▶ [RECORDED DATA]:
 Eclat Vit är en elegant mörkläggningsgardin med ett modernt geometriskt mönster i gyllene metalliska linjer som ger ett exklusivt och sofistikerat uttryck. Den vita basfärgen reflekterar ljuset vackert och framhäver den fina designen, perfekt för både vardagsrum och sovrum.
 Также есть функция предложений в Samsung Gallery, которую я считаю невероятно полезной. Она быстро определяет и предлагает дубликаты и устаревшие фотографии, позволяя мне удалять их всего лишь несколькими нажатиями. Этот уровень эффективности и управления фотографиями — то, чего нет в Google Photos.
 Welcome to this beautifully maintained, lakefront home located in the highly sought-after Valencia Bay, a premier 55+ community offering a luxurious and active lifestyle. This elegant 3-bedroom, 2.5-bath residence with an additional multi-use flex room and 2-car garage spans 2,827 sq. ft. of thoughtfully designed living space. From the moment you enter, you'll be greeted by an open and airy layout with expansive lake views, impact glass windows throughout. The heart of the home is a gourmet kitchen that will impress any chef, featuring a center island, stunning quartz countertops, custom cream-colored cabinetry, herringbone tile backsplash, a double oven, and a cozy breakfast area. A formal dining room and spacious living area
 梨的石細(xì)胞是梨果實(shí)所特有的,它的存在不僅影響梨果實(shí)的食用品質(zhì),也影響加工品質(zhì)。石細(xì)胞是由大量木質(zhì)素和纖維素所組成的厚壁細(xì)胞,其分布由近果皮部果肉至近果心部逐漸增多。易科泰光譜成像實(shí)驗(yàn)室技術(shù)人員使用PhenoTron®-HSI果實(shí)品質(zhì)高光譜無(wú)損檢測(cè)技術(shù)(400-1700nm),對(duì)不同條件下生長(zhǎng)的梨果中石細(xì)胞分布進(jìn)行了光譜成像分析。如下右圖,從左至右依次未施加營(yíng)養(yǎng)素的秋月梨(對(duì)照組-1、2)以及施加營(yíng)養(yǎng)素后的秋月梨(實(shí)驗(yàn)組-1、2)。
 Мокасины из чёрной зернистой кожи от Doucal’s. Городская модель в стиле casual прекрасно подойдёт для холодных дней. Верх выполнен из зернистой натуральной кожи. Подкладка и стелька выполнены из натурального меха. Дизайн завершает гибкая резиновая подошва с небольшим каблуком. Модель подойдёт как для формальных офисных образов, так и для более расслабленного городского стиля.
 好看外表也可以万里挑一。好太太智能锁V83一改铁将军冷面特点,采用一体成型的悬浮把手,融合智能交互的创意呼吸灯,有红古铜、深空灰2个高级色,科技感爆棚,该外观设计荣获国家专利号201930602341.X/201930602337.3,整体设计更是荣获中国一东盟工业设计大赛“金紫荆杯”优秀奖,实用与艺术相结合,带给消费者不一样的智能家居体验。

▶ [TO DO]:
Reproduce the material above exactly, beginning at its first line and ending with the line that holds "Также есть функция". Include nothing else.

▶ [EXERCISE ANSWER]:
 Eclat Vit är en elegant mörkläggningsgardin med ett modernt geometriskt mönster i gyllene metalliska linjer som ger ett exklusivt och sofistikerat uttryck. Den vita basfärgen reflekterar ljuset vackert och framhäver den fina designen, perfekt för både vardagsrum och sovrum.
 Также есть функция предложений в Samsung Gallery, которую я считаю невероятно полезной. Она быстро определяет и предлагает дубликаты и устаревшие фотографии, позволяя мне удалять их всего лишь несколькими нажатиями. Этот уровень эффективности и управления фотографиями — то, чего нет в Google Photos.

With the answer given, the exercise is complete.